Issue (i): Whether the mosaic tile laying contract was a works contract or a divisible contract involving taxable sale of tiles.
Analysis: The assessment rested on a percentage-based allocation of the contract value as representing the cost of tiles, but the appellate authority found that the dealer maintained separate accounts and that the assessment was unsupported by tangible material. The earlier decision governing mosaic tile laying contracts had held that such contracts are to be treated as works contracts where the true nature of the contract is not determined by the mode of payment alone, and that deductions relating to labour and service have to be allowed under the relevant statutory scheme.

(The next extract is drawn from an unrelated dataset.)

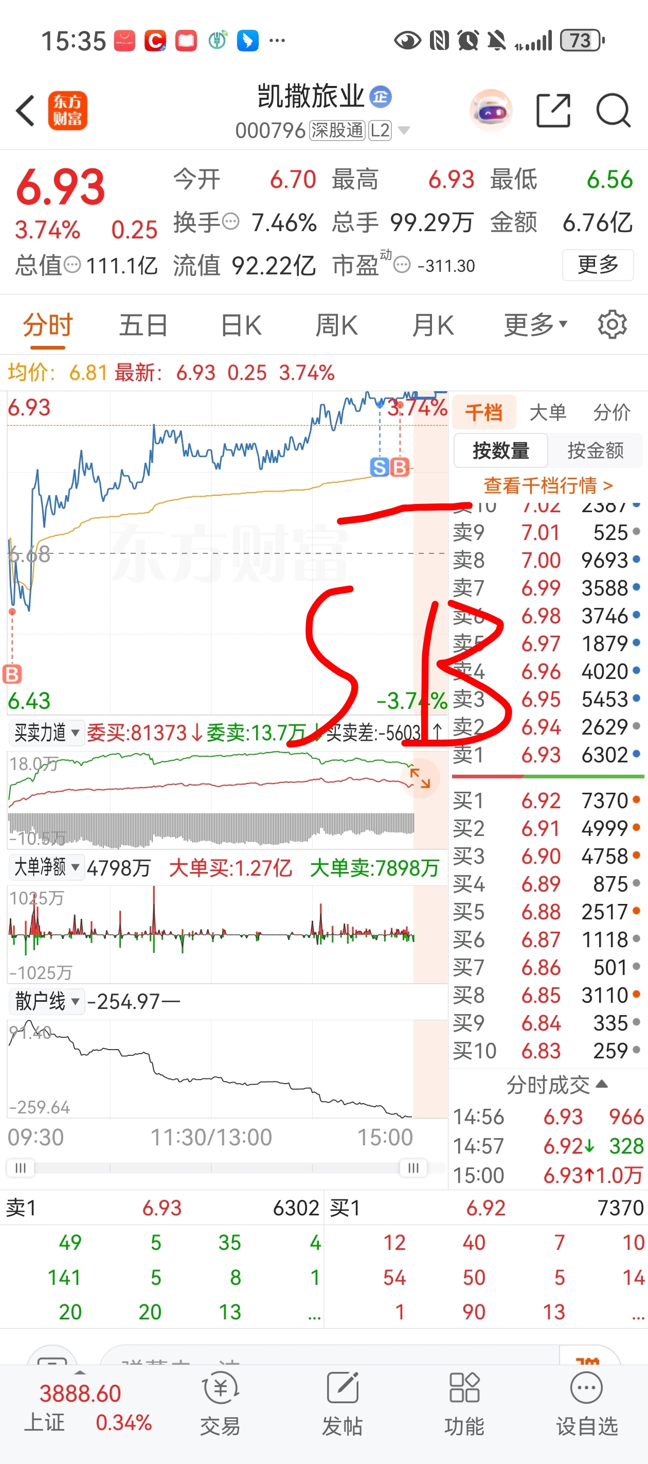 $凯撒旅业(SZ000796)$ 我有点SB啦,6.59买进,6.92卖掉,3毛的踢,看到6.91有1.2万手,弹幕都说有踢飞的,我傻乎乎的又挂单买进去了,我一看SB,好无语真是一个sb

Conclusion: The contract was treated as a works contract and the Revenue's attempt to treat the major portion as taxable sale of tiles failed.
Issue (ii): Whether the turnover relating to sand used in execution of the works contract was liable to tax for the relevant assessment years.
Analysis: The Tribunal noticed that the materials used in execution of the contract had suffered tax, except sand, and applied the Government notification exempting sand for the period covered by the notification. It therefore sustained tax only for the assessment years falling outside the exempted period and deleted the rest of the turnover sustained by the appellate authority.
Conclusion: Tax was sustained only to the limited extent of sand turnover falling outside the notified exemption period.
Final Conclusion: The revisional challenge failed, and the Tribunal's order was upheld, leaving only the limited tax liability on sand as determined by the Tribunal.
Ratio Decidendi: A mosaic tile laying agreement is to be assessed on its true character as a works contract when the record shows separate material accounts and no reliable basis for treating the contract value as a divisible sale of goods, and tax on inputs must yield to any applicable statutory or notified exemption.